In May 1792, the Buttonwood Agreement, a document signed by the first 24 stockbrokers in New York City, created what is now known as the New York Stock Exchange. The agreement was a kind of place name—it has been agreed upon underneath a buttonwood tree (also known as an American sycamore) outside of 68 Wall Street.
The signers of the agreement needed a place to conduct their business, and a coffee house seemed as good a place as any. So the Tontine Coffehouse, named after Neapolitan banker Lorenzo di Tonti, would become the first indoor home for the New York Stock Exchange.

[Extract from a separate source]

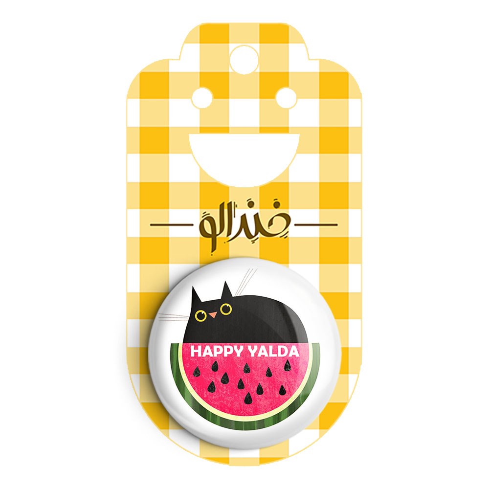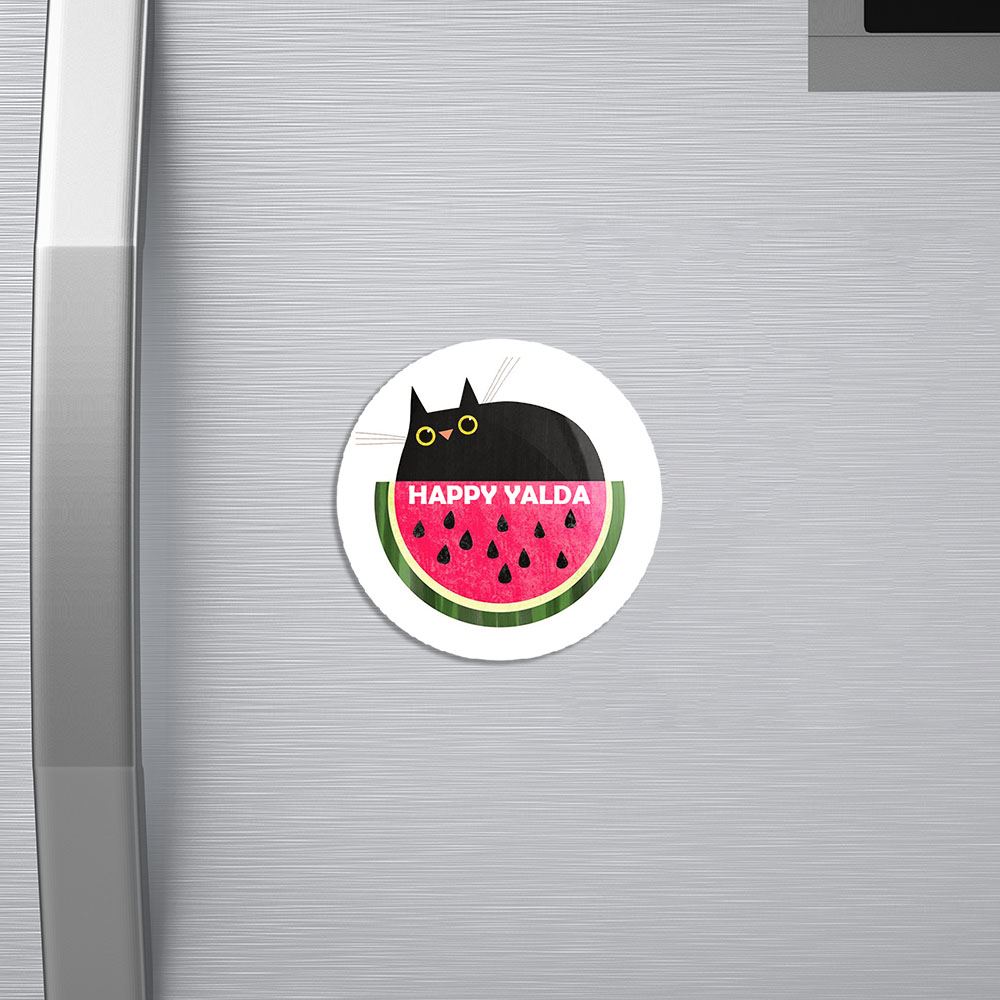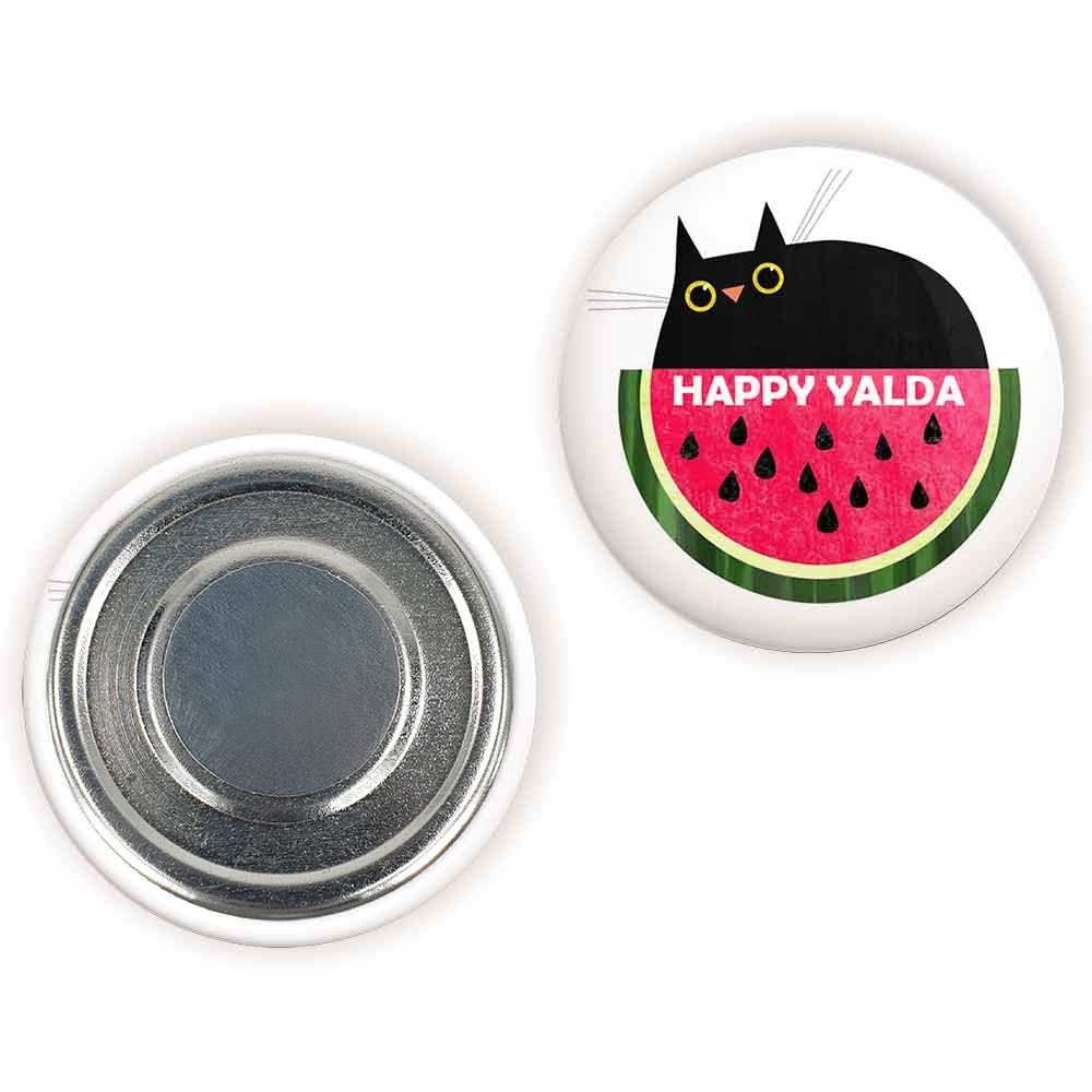 مگنت شب یلدا خندالو با روکش سلفون مات مخملی ضدخش و قطعه پشتی فلزی تولید شده است که آهنربای اتمی بکار برده شده در محصول، بصورت مخفی تعبیه شده ودیده نمی شود. ضمن اینکه گیرایی بسیار بالایی داشته و به هیچ عنوان از روی یخچال نمی افتد.

The funds to build the coffee house were generated by soliciting subscribers to buy $200 shares ($4,761.90 in modern day currency). As the members died, so did their initial investment and the profits were shared with one less member. When the original investors went from the original 203 to just seven in 1870, the assets of the coffeehouse were divided and distributed equally among their estates. This investment vehicle combined the features of a group annuity with the random nature of a lottery.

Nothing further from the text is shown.